Grecce: a Command-line Utility

Though there are already regex-engines designed for character-based input-data, which provide a wide spectrum of features, the library exported by the package "regexdot", besides being polymorphic in terms of the type from which the input-data is composed, provides the additional ability to discover the complete mapping of each input-datum into the regex. This provides a useful aid to debugging regex-syntax, & it is for this reason, that the derived library "regexchar" (which inherits this ability), has been linked into an executable "grecce", which is in other respects, a re-implementation of egrep.

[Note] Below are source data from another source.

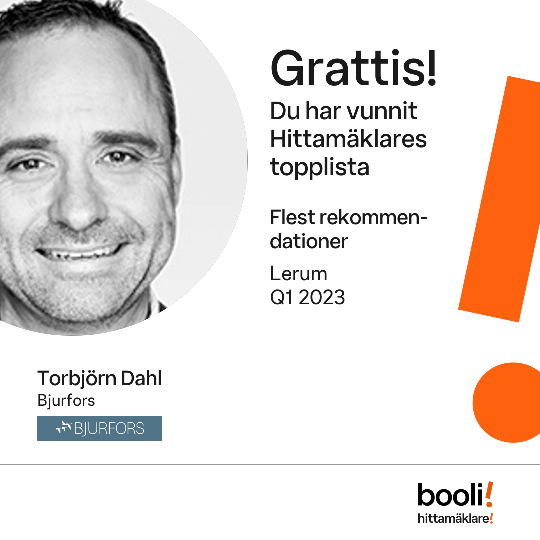 Statistik för publicerade bostäder, försäljningar och omdömen baseras på data från Booli och Hittamäklare. Statistiken för försäljningar avser inrapporterade och verifierade slutpriser från mäklare eller av Booli inhämtade och verifierade slutpriser. Statistiken för publicerade bostäder baseras på information som publicerats på Booli.se. Statistik för omdömen och rekommendationer baseras på omdömen från säljare som lämnats via Booli och Hittamäklare.
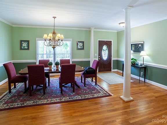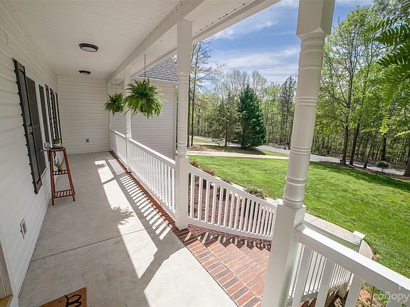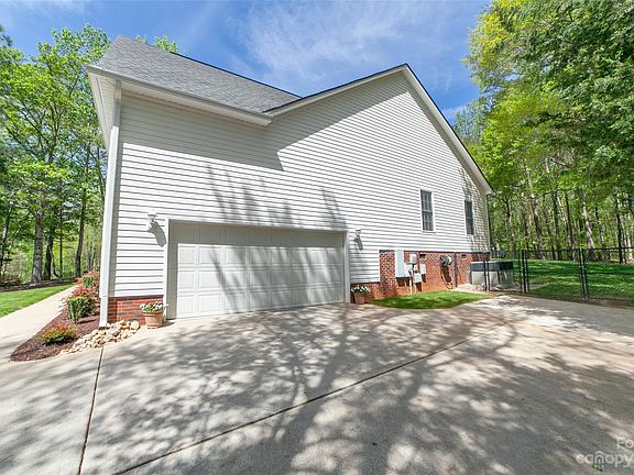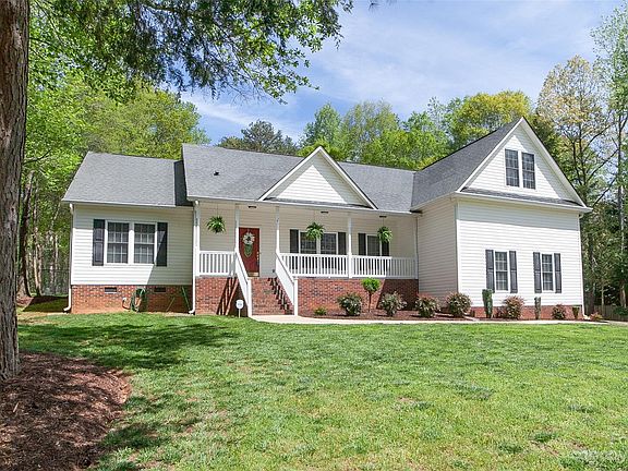 Incredibly well-maintained beautiful custom built split-bedroom floor plan featuring 3 BRs- 2 Full Baths, bonus room, 2 car garage. Covered front porch! Formal DR, GR, Kitchen that leads to the Vaulted EIK. Check out the laundry room w/ upgraded cabinetry including pull out pantry shelves, drawers & more storage surrounding the W/D. Plenty of storage space. Hdwd floors, custom built cabinets, gas log FP in the GR. Relax under your covered back porch that faces the wooded tree-lined fenced backyard with a wonderful, paved entertainment area & just in time to get ready to swim in the pool, add'l storage shed for landscape tools etc. Sharing the best for last, come sleep peacefully with this large, primary bedroom suite privately located at the rear of the home including a tray ceiling, garden tub, double vanity, garden tub, sep shower & 2 separate closets. Clover schools! Wired for 5.1 Surround sound & wired for speakers outside back porch, wired for generator, Irrigation in back yard.
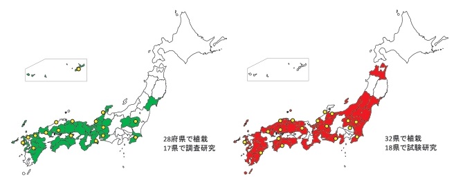 この6年半で早生樹への関心は着実に高まっており、植栽地も広がってきている(図参照)。その中で登壇者が一様に言及したのは、早生樹は“万能薬”ではなく、適地適木を原則として、樹種の特性を踏まえた育て方をする必要があること。この点は、第1回シンポジウムでも指摘されていたが、今回も「早生樹は生育場所を選ぶ」(杉山氏)、「立地条件の違いをよく見る必要がある」(藤井氏)などの発言が目立った。
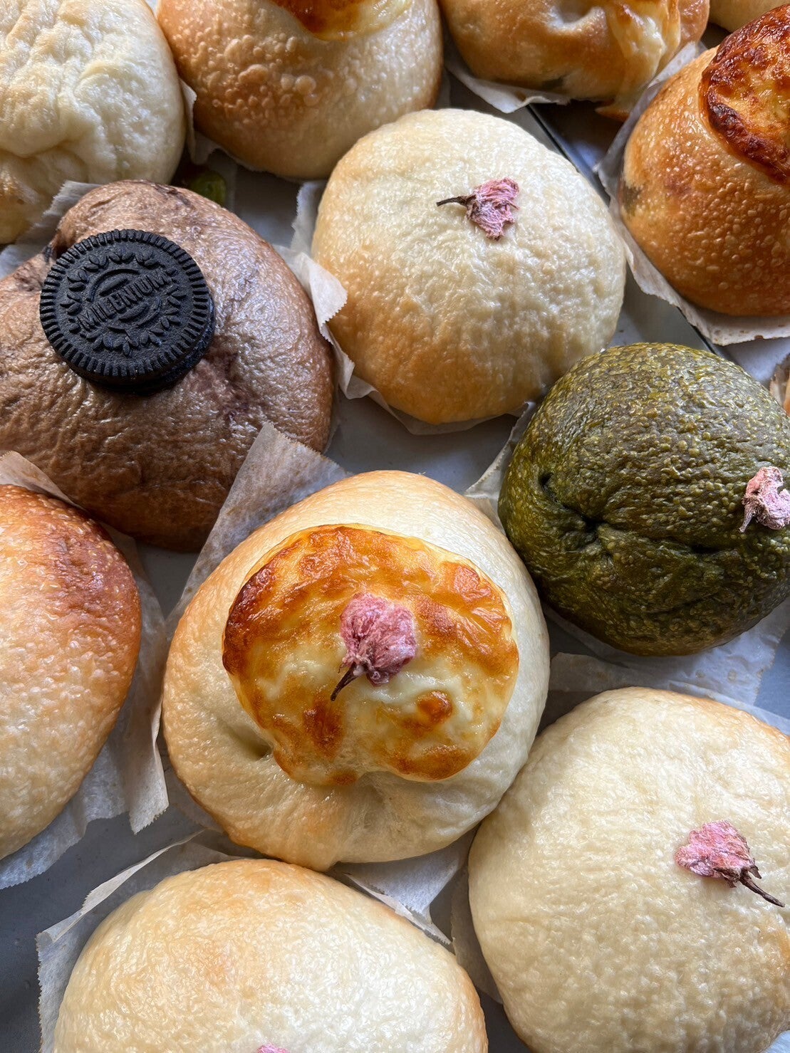 原材料名:小麦粉、米粉、桜餡、ずんだ餡、白餡、よもぎ、紅麹、桜葉、岩塩、砂糖、はちみつ、モルト液、塩、イースト
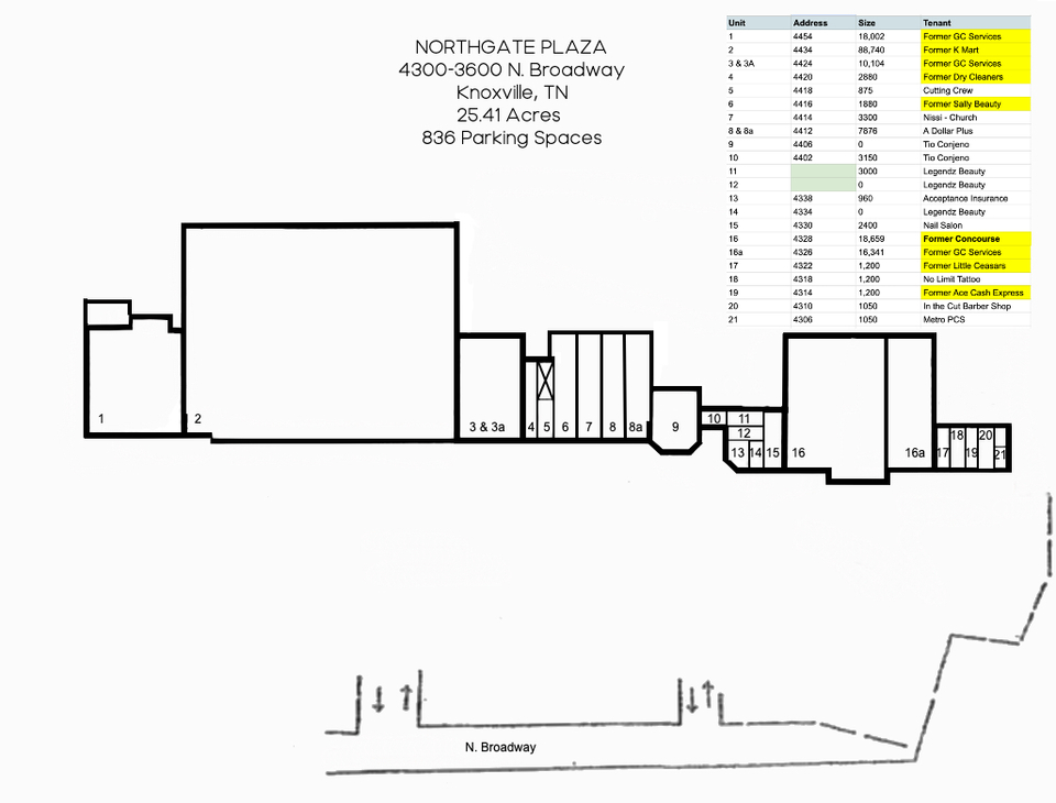 Conveniently located on N. Broadway in North Knoxville with great accessibility to Interstate 640. Service and Retail driven traffic. Located within minutes of downtown Knoxville, Fountain City, and Halls. Easy access to the center with abundant parking.

Despite exploiting parallelism in both the evaluation of any alternative sub-expressions defined in the regex, & in the processing of multiple input-data files (where specified), the performance of grecce is relatively poor because the underlying polymorphic library can't exploit character-specific optimisations to read its input-data rapidly. The matching-algorithm is also of theoretically inferior time-complexity to that used by TDFA, but this additional factor is only significant for rather atypical pathological regexen.

Examples

Words containing all the vowels, in alphabetic order.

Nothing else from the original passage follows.